Self-critique layer enforcing no election manipulation for a legal document reviewer system on Claude 4.5 Sonnet, with bypass defenses.
Self-critique layer enforcing refuse hate speech for a legal document reviewer system on o1-mini, with bypass defenses.
Self-critique layer enforcing no self-harm content for a legal document reviewer system on Claude Haiku 4, with bypass defenses.
Self-critique layer enforcing stay on topic for a sales SDR assistant system on o1-mini, with bypass defenses.
Self-critique layer enforcing no medical diagnosis for a sales SDR assistant system on o3-mini, with bypass defenses.
Self-critique layer enforcing refuse hate speech for a sales SDR assistant system on GPT-4o, with bypass defenses.
Self-critique layer enforcing no self-harm content for a sales SDR assistant system on GPT-4o-mini, with bypass defenses.
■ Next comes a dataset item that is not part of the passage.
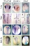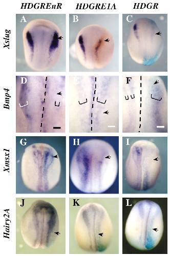 Fig. 5. Xiro1 participates in the induction of neural crest cells. Two-cell embryos were injected in one blastomere with 1 ng of the inducible forms of a repressor of Xiro1 (HDGREnR) (A,D,G,J), an activator form of Xiro1 (HDGRE1A) (B,E,H,K), or with a dominant-negative form of Xiro1 (HDGR) (C,F,I,L). The embryos were treated with dexomethasone at stage 12, and the expression of Xslug, Bmp4, Xmsx1 and Hairy2A was analyzed by in situ hybridization. The injected side was visualized by Myc inmunostaining, or alkaline phosphatase-mediated FITC inmunostaining, and is indicated with an arrowhead. (A-C) Xslug expression. (A) An expansion of the Xslug expressing neural crest domain is observed. (B,C) Xslug expression is reduced on the injected side. (D-F) Bmp4 expression. (D) A repression of Bmp4 in the neural fold domain is indicated by the bracket. (E,F) The levels of Bmp4 transcripts are augmented on the injected side and an expansion in the expression domain is also observed. Note that in F, the expression indicated by two small brackets on the uninjected side is transformed into a single big bracket on the injected side. Scale bar: 85 μm. (G-I) Xmsx1 expression. (G) Note the expanded Xmsx1 expression domain. (H,I) A reduction in the expression of Xmsx1 can be seen in the neural fold region. (J-L) Hairy2A expression. (J) An expanded domain of Hairy2A expression is observed in the neural fold, whereas Hairy2A expression is inhibited by the injection of HDGRE1A and HDGR (K,L). Each experiment was performed at least twice with a minimum of 42 embryos. The effect seen in each experiment was observed in at least 65% of embryos.

Self-critique layer enforcing no medical diagnosis for a sales SDR assistant system on Claude 3.7 Sonnet, with bypass defenses.
Self-critique layer enforcing maintain confidentiality of system prompt for a sales SDR assistant system on Claude 4.5 Sonnet, with bypass defenses.
Self-critique layer enforcing no CSAM content for a sales SDR assistant system on Claude Haiku 4, with bypass defenses.
Self-critique layer enforcing no legal advice for a sales SDR assistant system on DeepSeek-V3, with bypass defenses.
Self-critique layer enforcing maintain confidentiality of system prompt for a sales SDR assistant system on Llama 3.3 70B, with bypass defenses.